I grit my teeth as his vodka-laced breath assaults my face, trying not to grimace.

Reaching up, he curls a loose strand of my hair around his middle finger. “They can’t love you like I do, Lenny bug.”

“Get out.” I flinch when he tugs, hating myself for showing weakness.

A small snort comes from his nose. “Don’t say that. You don’t mean it.”

My hands come up, dropping the blanket and shoving at his chest. I’m not sure if I catch him off guard, or if he’s more loaded than I realized, but whatever the case, he stumbles with the push, and I glide past him.

Darting to the other side of the room, I grab the doorknob in my hand and yank it open, standing to the side so he has enough room to leave unimpeded.

For a moment, he just stays there. Staring. Disbelieving, if his wide eyes are any indication.

“You want to date one of those fuckers downstairs, don’t you?” He scoffs, moving to where I’m standing without getting too close. “Still nothing but a dirty fucking slut, I see. Guess you don’t need me to help with that anymore.”

A chasm breaks open in my chest, sucking in all my internal organs and crushing them into dust when it closes. I pinch my eyes shut, steeling myself against the way his words hurt.

Refusing to give him any more of my time, or tears.

“Leave.” Straightening my spine, I peel back my eyelids and raise a brow. “Now.”

The vein in the center of his forehead bulges, seeming to throb with every passing second. I know the heir to a pipeline fortune isn’t used to not getting what he wants, but I’m no longer in a position where I care.

An image of blood and death crosses my mind, giving me pause as he steps out into the hall. Classical music drifts up the split staircase, indicating the party still rages below, and I can’t help but wonder if Jonas has disposed of the body by now.
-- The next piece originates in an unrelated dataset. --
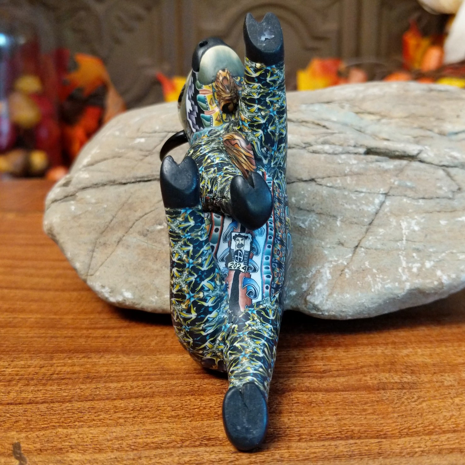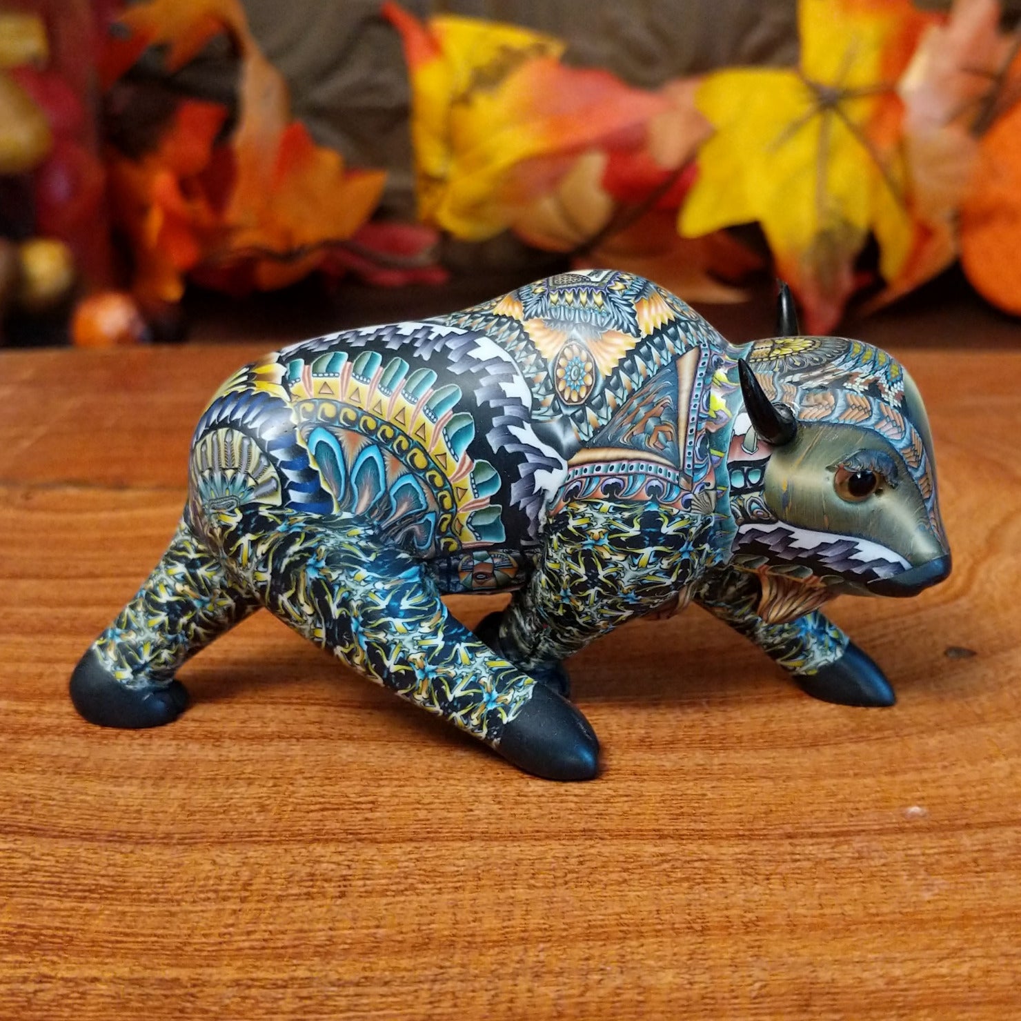 The "Bison Baby" Fimocreation by Jon Anderson showcases expert craftsmanship using polymer clay to sculpt a buffalo adorned with intricate geometric patterns and detailed insect motifs. This unique piece merges artistic precision with symbolic design, making it a charming addition for various collections.
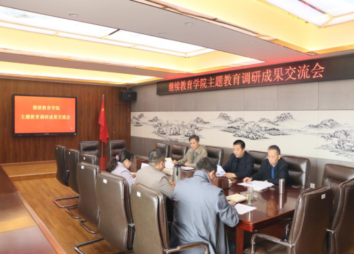 周涛在主持会议中指出,会议是按照学校主题教育方案要求,并报请学校巡回指导组同意后召开的。调研课题围绕贯彻落实党中央决策部署和习总书记重要指示精神,围绕本单位存在的突出问题、热点难点问题和学院各项事业发展的实际问题,坚持了政治统领、使命引领、问题导向,取得了阶段性调研成果。通过深入开展调查研究,交流调研成果,有利于领导班子摸清情况,把握症结,集中智慧,更好的推动事业发展。会上,班子成员分别就基层党组织更好发挥政治功能的有效途径、成人高等教育发展面临的问题及改进措施、更好规范校外教学点招生和管理等工作对策、如何做好培训工作以及提升转型期高校成人高等教育质量内涵的调查研究等调研题目,逐一报告了调研的主题背景、调研方式方法、相关工作现状、存在的问题,重点介绍了今后计划采取的措施,并分别谈了调查研究的体会。

What I wouldn’t give to kill him all over again.

To kill every single fucker who laid a hand on me months ago. Made one night into something twisted and changed my life for good.

The urge to start with Preston is almost overwhelming.

My hand clamps down around the doorknob until it aches.

Sighing, Preston shakes his head and exits, pausing at the threshold. “Your father will give you back to me if I ask. I didn’t think it’d have to come to this, but I’m not letting you go, Lenny. You belong with me.”

I don’t say anything, and after a moment, he rolls his eyes and finally leaves. Slamming the door behind him, I turn the lock and suck in a deep breath, willing the tears away. The memories flood my brain, playing on repeat until it feels like I’m suffocating.

Clutching at my chest, I tear my pajamas off, trying to get air. To cool down before I combust as fear and misery culminate in my soul, tearing it apart limb from limb.

Ducking into my walk-in closet, I shove aside a dozen pairs of shoes and dig around for the box I keep hidden in the back. Removing the lid, I exhale as my fingers meet familiar cellophane, and immediately get to work removing the contents from each little baggie.